My original solution, for posterity:
cards_owned = {card.id: 1 for card in self.cards}
current_card = self.cards[0]
card_score = self.get_win_count(current_card)
cards_owned[current_card.id] = 1
while current_card is not None:
for i in range(current_card.id + 1, current_card.id + 1 + card_score):
if i in cards_owned:
cards_owned[i] = cards_owned[i] + cards_owned[current_card.id]
else:
cards_owned[i] = cards_owned[current_card.id]
if current_card.id < len(self.cards):
current_card = self.cards[current_card.id]
card_score = self.get_win_count(current_card)
else:
current_card = None
Stepping through the sample input with this algorithm looks something like this:
Step 1
---------
[1 Owned] Card 1 -> 4 Winners -> 1 Each of [2, 3, 4, 5]

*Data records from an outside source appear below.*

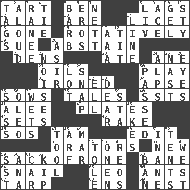 ACROSS 1. Small pie 5. Benjamin's nick name 8. Fails to keep up a pace 12. Mountain range southwest of Kyrgyzstan 13. "We ___ not amused" (Victoria) 14. It is permitted: Lat. 15. Went 16. Producing rotation 19. Take to court 20. Choose not to consume 21. Lairs 23. Had dinner 24. One (Scot) 27. Lubricates 30. Frolic 31. Pressed 34. Domed church section 35. Sty mamas 38. Falsehoods 40. Fast planes 41. Toward shelter 42. Food holders 44. Arranges properly for use 45. Libertine 46. Mayday 47. Scottish cap 50. Prepare for publication 53. Speakers 57. ___ Haven, CT 59. Italian handbag shop? 63. Object of repulsion 64. Slow-paced one 65. Lion 66. Pismires 67. Canvas cover 68. Followers of ems 69. Egg locale DOWN 1. Labels 2. Verbally 3. Indian princess (variant) 4. Neckwear 5. Sharp remark 6. Greek god of love 7. Remaining after all deductions 8. 54 in ancient Rome 9. Adept person 10. Set 11. Filthy place 14. Actor's bit 17. American Automobile Association (abbr.) 18. Teat (slang) 20. SW Saudi Arabia district 22. Annoying sounds 24. High mountains 25. Political cartoonist Thomas 26. Snake ____ (dice throw) 28. Car dealer's back yard 29. Fastener 30. Went by 32. Pipe bend 33. Letter starter 35. Backtalk 36. Butter sub 37. Soaks 39. R.R. building 43. Makes supply last 47. Instrument 48. Sandy's bark 49. Third mo. 51. Silly 52. Portable shelters 54. Lacquered or enameled metalware 55. Presage 56. Vintage cars 58. Compass direction 59. Fast jet (abbr.) 60. Santa ___, CA 61. 4-wheeled motor vehicle 62. Monetary unit of Laos 63. Prohibit
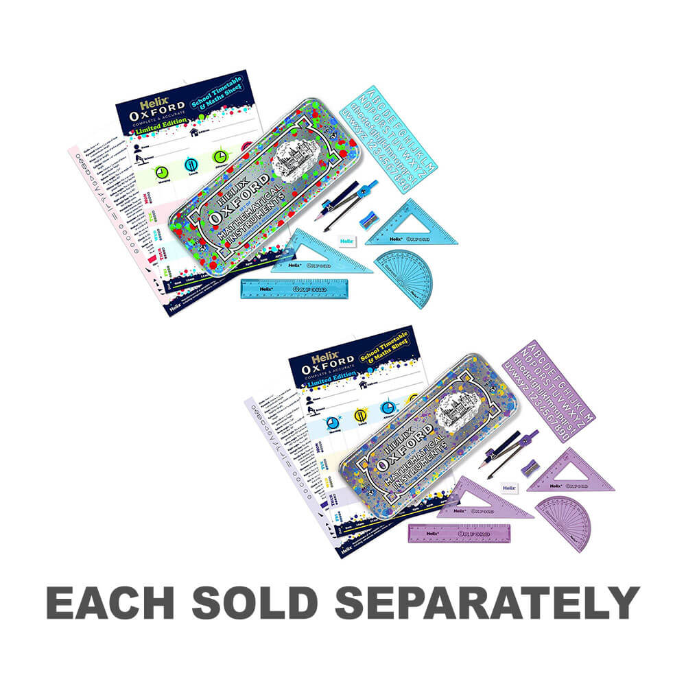 Das 9-teilige Mathe-Set von Helix Oxford Blue ist eine praktische Möglichkeit, sich mit den wichtigsten Mathe-Grundlagen für die Schule einzudecken. Im Lieferumfang sind eine Auswahl an Mathe-Werkzeugen zur Vervollständigung Ihrer Unterrichtsaufgaben sowie einige wichtige Schreibwaren und eine robuste Dose zur gemeinsamen Aufbewahrung enthalten.
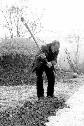 見到劉志光老人時(shí),老人正揮鎬在自家房前挖自來(lái)水管道。原來(lái),村里對(duì)原有老化的自來(lái)水管道進(jìn)行改造,老人閑不住就自己干起來(lái)。如果不是同行的人介紹,誰(shuí)也不敢把他當(dāng)成年逾百歲的老人。
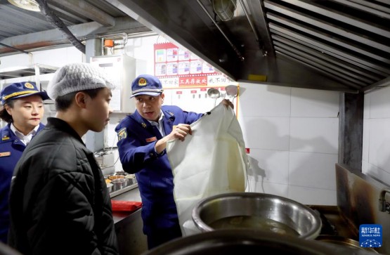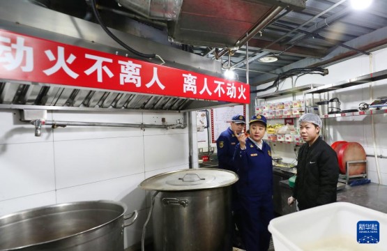 1月24日,在上海定西路美食街一家餐飲店內(nèi),長寧區(qū)消防救援支隊(duì)消防指導(dǎo)員查看后廚消防設(shè)施。
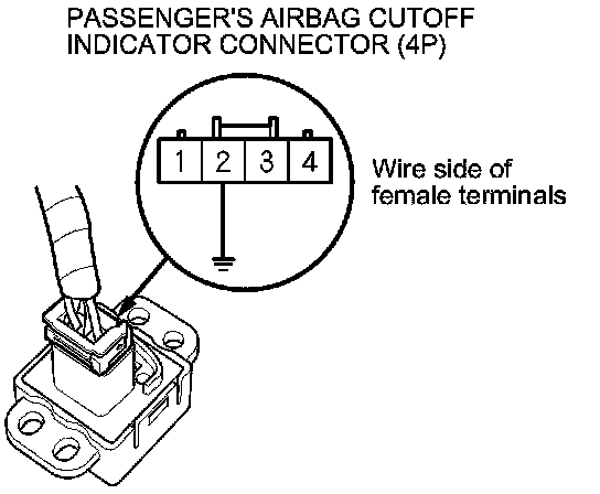 5. Install a jumper wire between passenger's airbag cutoff indicator connector (4P) terminal No. 2 and body ground. The indicator should come on.

[1 Owned] Card 2 -> 2 Winners
[1 Owned] Card 3 -> 2 Winners
[1 Owned] Card 4 -> 1 Winner
[1 Owned] Card 5 -> 0 Winners
[1 Owned] Card 6 -> 0 Winners
Step 2
---------
[1 Owned] Card 1 -> 4 Winners -> 1 Each of [2, 3, 4, 5]
[2 Owned] Card 2 -> 2 Winners -> 2 Each of [3, 4]
[2 Owned] Card 3 -> 2 Winners
[2 Owned] Card 4 -> 1 Winner
[2 Owned] Card 5 -> 0 Winners
[1 Owned] Card 6 -> 0 Winners
Since we own 2 copies of card 2 now, we get another two copies of 3 and 4 when we process 2. Continuing onward:
Step 3
---------
[1 Owned] Card 1 -> 4 Winners -> 1 Each of [2, 3, 4, 5]
[2 Owned] Card 2 -> 2 Winners -> 2 Each of [3, 4]
[4 Owned] Card 3 -> 2 Winners -> 4 Each of [4, 5]
[4 Owned] Card 4 -> 1 Winner
[2 Owned] Card 5 -> 0 Winners
[1 Owned] Card 6 -> 0 Winners
Step 4
---------
[1 Owned] Card 1 -> 4 Winners -> 1 Each of [2, 3, 4, 5]
[2 Owned] Card 2 -> 2 Winners -> 2 Each of [3, 4]
[4 Owned] Card 3 -> 2 Winners -> 4 Each of [4, 5]
[8 Owned] Card 4 -> 1 Winner -> 8 Each of [5]
[6 Owned] Card 5 -> 0 Winners
[1 Owned] Card 6 -> 0 Winners
Step 5
---------
[1 Owned] Card 1 -> 4 Winners -> 1 Each of [2, 3, 4, 5]
[2 Owned] Card 2 -> 2 Winners -> 2 Each of [3, 4]
[4 Owned] Card 3 -> 2 Winners -> 4 Each of [4, 5]
[8 Owned] Card 4 -> 1 Winner -> 8 Each of [5]
[14 Owned] Card 5 -> 0 Winners -> No change
[1 Owned] Card 6 -> 0 Winners
Step 6
---------
[1 Owned] Card 1 -> 4 Winners -> 1 Each of [2, 3, 4, 5]
[2 Owned] Card 2 -> 2 Winners -> 2 Each of [3, 4]
[4 Owned] Card 3 -> 2 Winners -> 4 Each of [4, 5]
[8 Owned] Card 4 -> 1 Winner -> 8 Each of [5]
[14 Owned] Card 5 -> 0 Winners -> No change
[1 Owned] Card 6 -> 0 Winners -> No change
After the last step we end up with 1 copy of card 1, 2 of card 2, 4 of card 3, 8 of card 4, 14 of card 5, and 1 of card 6, for a grand total of 30 cards.
Closing Thoughts
The difficulty curve for the puzzles this year has been hard to predict. I guess that’s Advent of Code in a nutshell, but the gap in difficulty between days feels particularly chaotic this year. Of course, it’s only a matter of time until we face the inevitable dropoff point. Last year there was a fairly sizeable drop in submissions after day 6, followed by a fairly steady decrease each day. Of course, this year’s stats have already seen fairly large drops even as early as day 2 so it’s hard to say how the rest of the puzzles will pan out.